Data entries
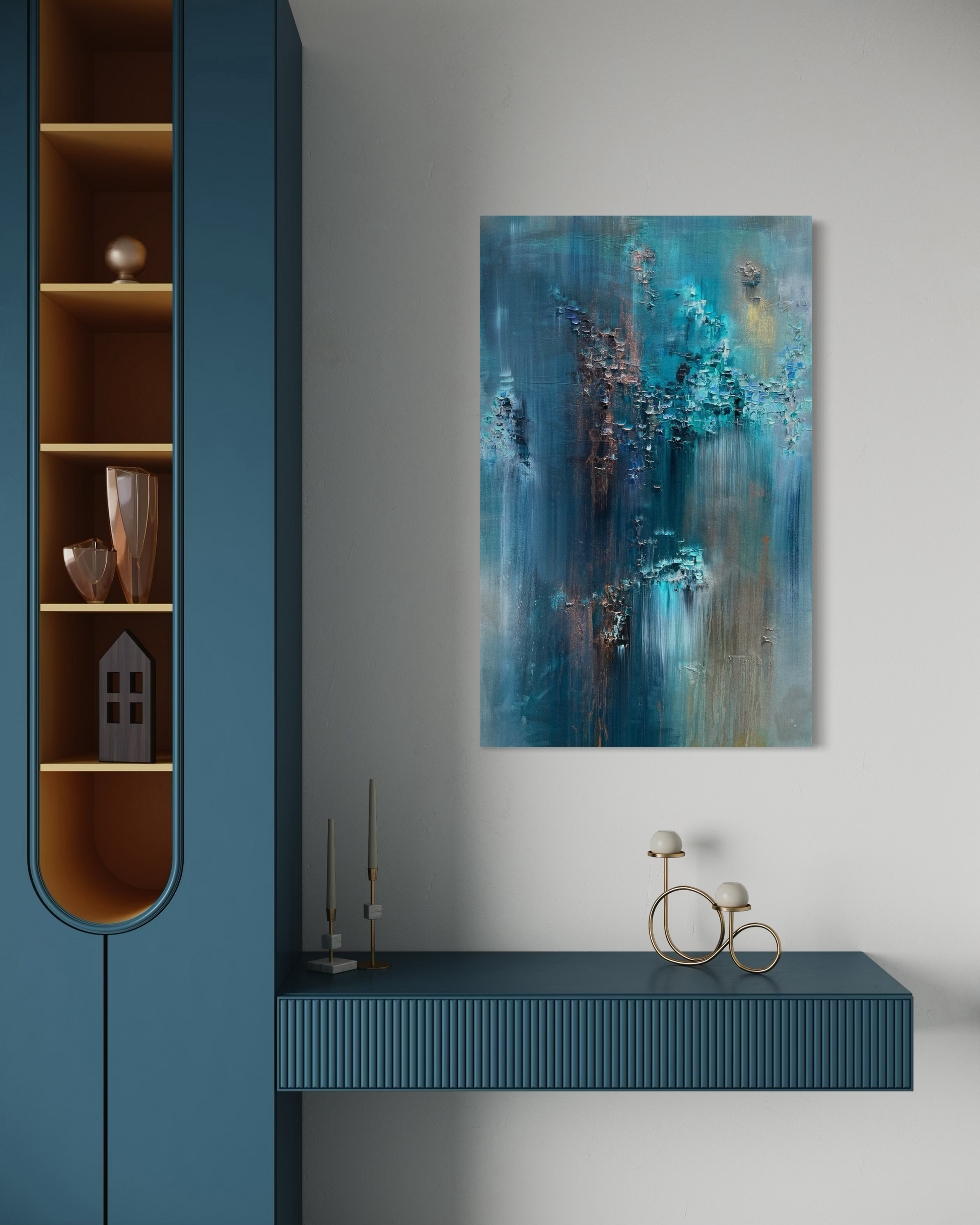 "Ocean Breaths" (2025) handmade painted wooden frame that is painted a rusty gold
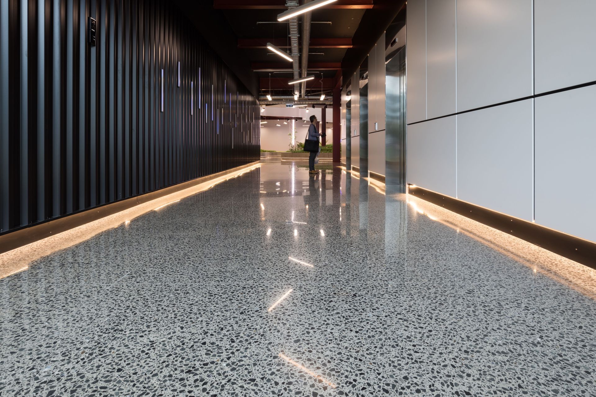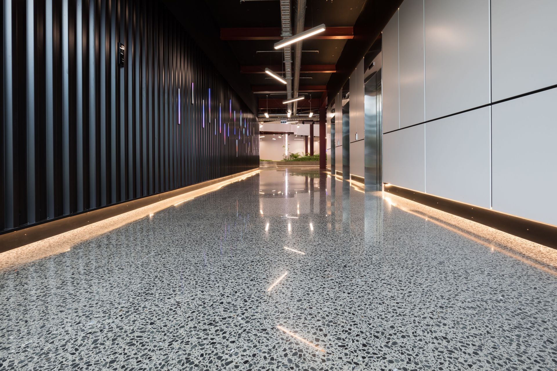 Megafloor. Megafloor is a New Zealand designed and developed range of diamond polished floor finishes.A refinement of raw natural elements, unlocking the natural beauty of regional aggregates hidden in a conventional building material, resulting in a high strength, durable and fashionable surface.
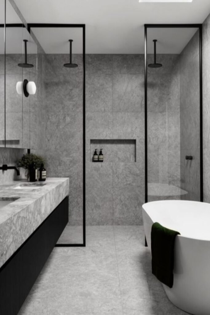 A framed shower enclosure adds structure to a long narrow room. When paired with a centered tub, it creates balance from side to side. The frame acts as a visual break, helping the length feel more controlled. This layout works best when ceiling height is generous, allowing the structure to feel strong without being heavy.
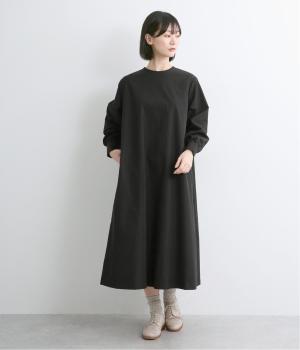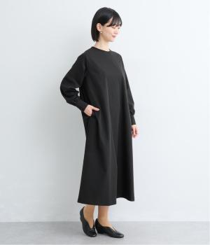 品のいい素材感を活かしてクラシカルにまとめたAラインワンピース。ふわりとした袖にくるみボタンつきカフスが雰囲気を高めます。体のラインを拾いにくいゆとりのある作りに足元をすっきり見せた丈感でバランスも◎。後ろファスナーあきです。
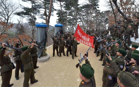 Die revolutionären Streitkräfte der DVRK sind dazu bereit, in Fortsetzung der Tradition von Kim Jong Suk für todesmutige Verteidigung des Führers die Waffe vom Gebirge Paektu in der Hand festzuhalten und die Führung der Revolution mit Leben zu schützen.
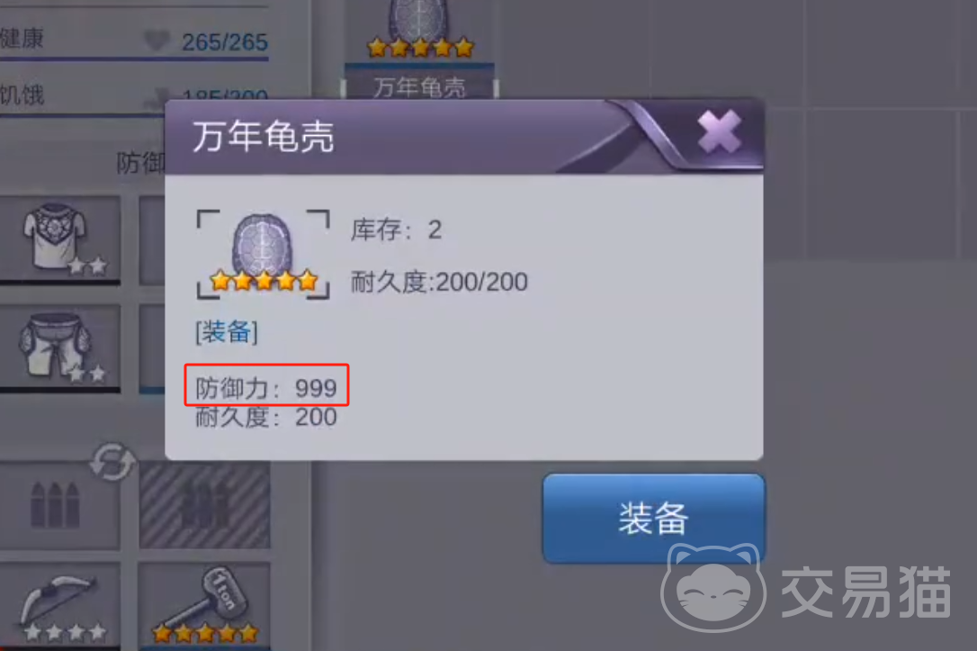 万年龟王是龟王的升级版,它本身没有攻击性,但是它的血量达到了惊人的999999,打败他就能获得一个防御力999且耐久为200的防御神装,但是想要成功打破它的龟壳需要选对工具,还要有足够的耐心。
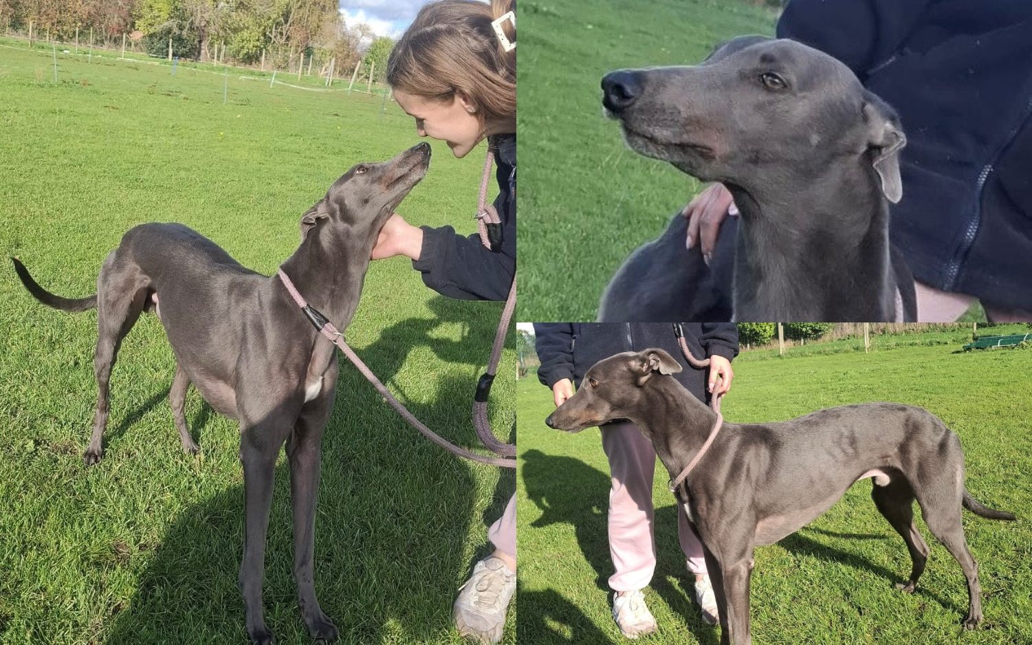 He’s handsome, he is friendly, he is playful, he is great on a lead, he comes to his name, he knows how to pose and he is loved by all at the kennels. Nelson has been retired early due to an injury and because of this the kennels have spent more time walking & playing with hiim and he is already well on his way to a household & sofa. On top of being super friendly and playful, he is very handsome with a blue coat and amber eyes. I have more photos of Nelson than anyone else as he’s a poser!

- _Exercise requirements_: Would you reproduce, exactly and with nothing added, every line from the beginning of the entries above through the line that contains "Megafloor. Megafloor is", both included, leaving out the pictures?

- _Result of the exercise_:
 "Ocean Breaths" (2025) handmade painted wooden frame that is painted a rusty gold
 Megafloor. Megafloor is a New Zealand designed and developed range of diamond polished floor finishes.A refinement of raw natural elements, unlocking the natural beauty of regional aggregates hidden in a conventional building material, resulting in a high strength, durable and fashionable surface.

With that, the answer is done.